May 16, 2018
By Dr. Hélène Lambert (Professor of Law at the University of Wollongong, Australia, and Professor of International Law at the University of Westminster in London, United Kingdom)
Two years ago, following the judgment of the Fourth Section of the European Court of Human Rights in Ramadan v. Malta, Marie-Bénédicte Dembour called on the Court to take nationality seriously because it is “a core human rights issue” (Strasbourg Observers). Dembour criticised the Court for insisting “that the applicant brings impossible proofs” of his nationality, thereby favouring the defendant State, and for blaming the applicant for his predicament. Hoti v Croatia gives us the opportunity to scrutinise once more how the Strasbourg Court understands nationality and statelessness in human rights terms, and there is some good news.
The applicant was born in Kosovo (then part of the Socialist Federal Republic of Yugoslavia or “SFRY”) in 1962. He was the son of political refugees who had fled Albania in 1960 to settle in Kosovo. In 1979, the applicant moved to Croatia (also part of SFRY) and settled in Novska, where he has lived ever since. Since then, his parents have died, and he has lost touch with his two sisters and two brothers. He is not married, and he does not have children. According to his birth certificate, Mr Hoti has no nationality. However, the Croatian authorities consider him to be a national of Kosovo or Albania because of his parents’ and his own status as Albanian refugees in Kosovo. Throughout the 40 years he has lived in Croatia, his legal status has been partly tolerated and partly regulated by short term humanitarian permits granted sporadically. He has long wished to get Croatian citizenship and a permanent residence permit in Croatia so as to be able to live a normal life in Croatia. However, despite several attempts, he has so far been unable to regularise his residence status.
He argues that he is stateless, that he has no valid travel document and that he was erased from the register of domicile and residence in Croatia without being informed. He further argues that there was a gap in the relevant domestic law (Aliens Act) in that his situation (resulting from the dissolution of the SFRY) should have been regulated. Hence, an application of the Aliens Act could not lead to a solution in his case. He relies on Article 8 ECHR (private life) based on the fact that during the last four decades he has worked intermittently as a waiter and a car mechanic; he is currently surviving by helping out on a farm.

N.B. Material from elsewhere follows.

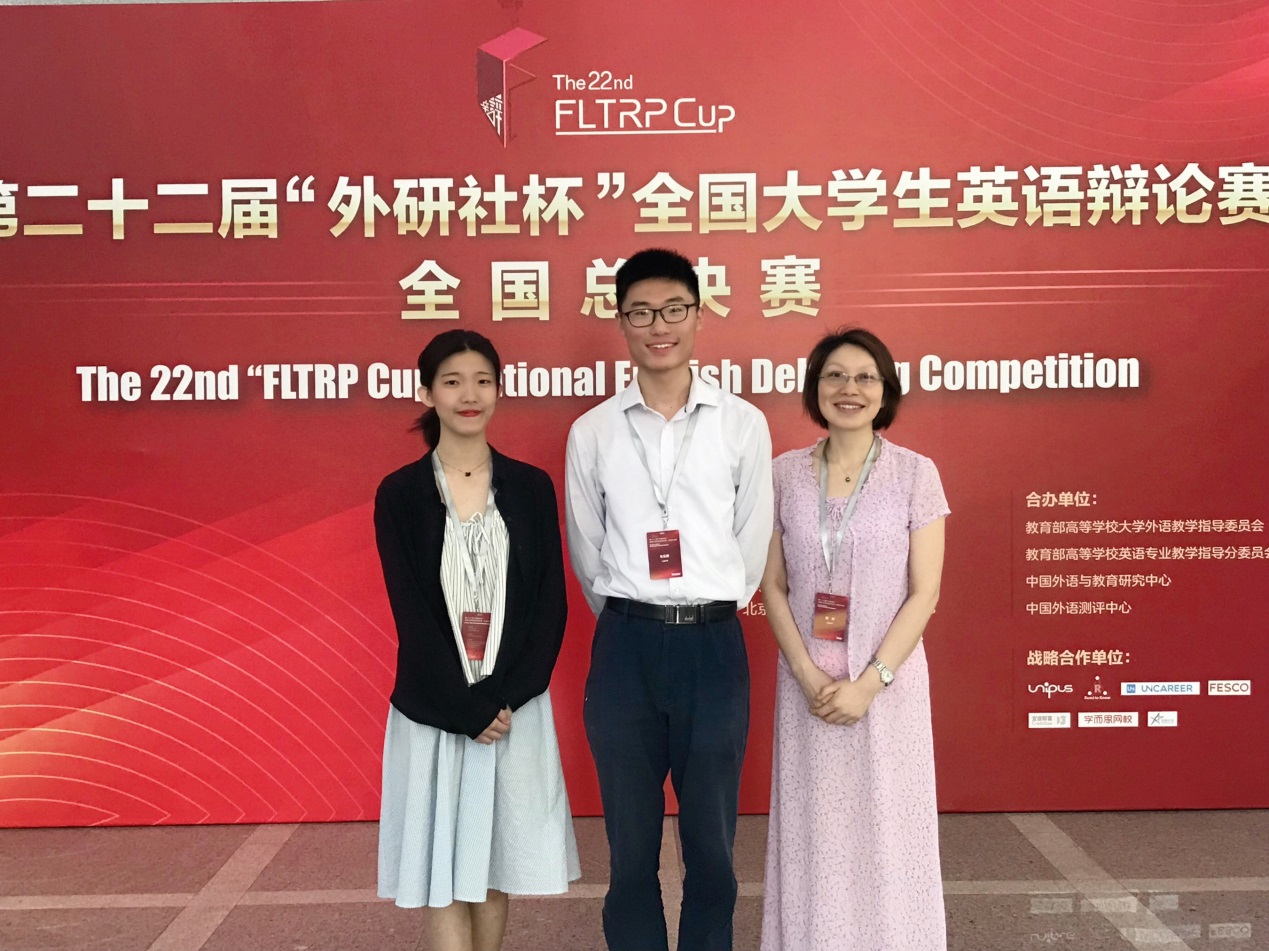 6月7日至6月10日,第22届“外研社杯”全国大学生英语辩论赛全国总决赛在北京航空航天大学进行。由澳门正规电子游戏平台2015级英语专业的朱云蔚,2016级英语专业的谌芊含和指导教师龚萍组成的澳门正规电子游戏平台代表队荣获三等奖。龚萍老师获得优秀评委奖。

The judgment by the First Section of the Court contains some interesting features summarised here.
Acclaimed by the Institute on Statelessness and Inclusion (Monthly Bulletin April 2018) as a landmark judgment, the decision of the First Section in Hoti v Croatia contains a lot of positives, not the least the fact that for the first time the Court chose to tackle the issue of statelessness head on. Indeed, the Court’s decision to accept the applicant’s statelessness despite the state arguing otherwise is commendable, and explicit reference is made to the 1954 Convention relating to the Status of Stateless Persons.
The Court also reemphasised the principle of consent in the acquisition of nationality, namely that “an alien lawfully residing in a country may wish to continue living in that country without necessarily acquiring its nationality” (para.131).
However, when applying the general principles to the specific case (paras.125 et seq.), one can’t help but think that Article 3 ECHR (which prohibits torture, inhuman and degrading treatment) is the elephant in the room. Why is it that Article 3 ECHR is never argued before the Court in cases involving stateless persons? The Court itself flagged a number of particular features often determinant in Article 3 detention or expulsion cases: his “advanced age”, that “the applicant’s residence status in Croatia is uncertain” and with no hope that it will ever be resolved since it is “impossible for him to meet” one of the requirement by being stateless; his “prospect of finding employment is de facto hampered” and so too are his prospect of “securing normal health insurance or pension rights” (para.126); he has no contact with family or relatives.
As Michelle Foster and I have argued here, statelessness is a broad human rights issue: it’s about non-discrimination and equality, it’s about women’s rights and children’s rights, and it’s about family and private life. But crucially, statelessness is about inhuman and degrading treatment and the obligation of the Contracting Parties to secure to everyone within their jurisdictions the right to be free from such ill-treatment. This is not a general or abstract issue as statelessness impacts directly on access to civil, political, social, cultural and economic rights including the right to work, the right to basic subsistence, the right to health care, pension rights, freedom of movement, protection against detention etc. – see also our forthcoming book.
Is the Court ready for Article 3 ECHR arguments? Some of the language used in Hoti v Croatia is sufficiently reminiscent of Article 3 to suggest that it may be. However, all rests on applicants’ lawyers to address statelessness as an Article 3 issue and advise their clients accordingly. Lately, statelessness has been given a renewed impetus as an important human rights issue, and the work of the UNHCR and leading academics has been integral to this. The judgment in Hoti v Croatia makes a valuable contribution to this debate. It’s now up to lawyers to recognise this and direct the debate towards Article 3 ECHR, in particular inhuman and degrading treatment.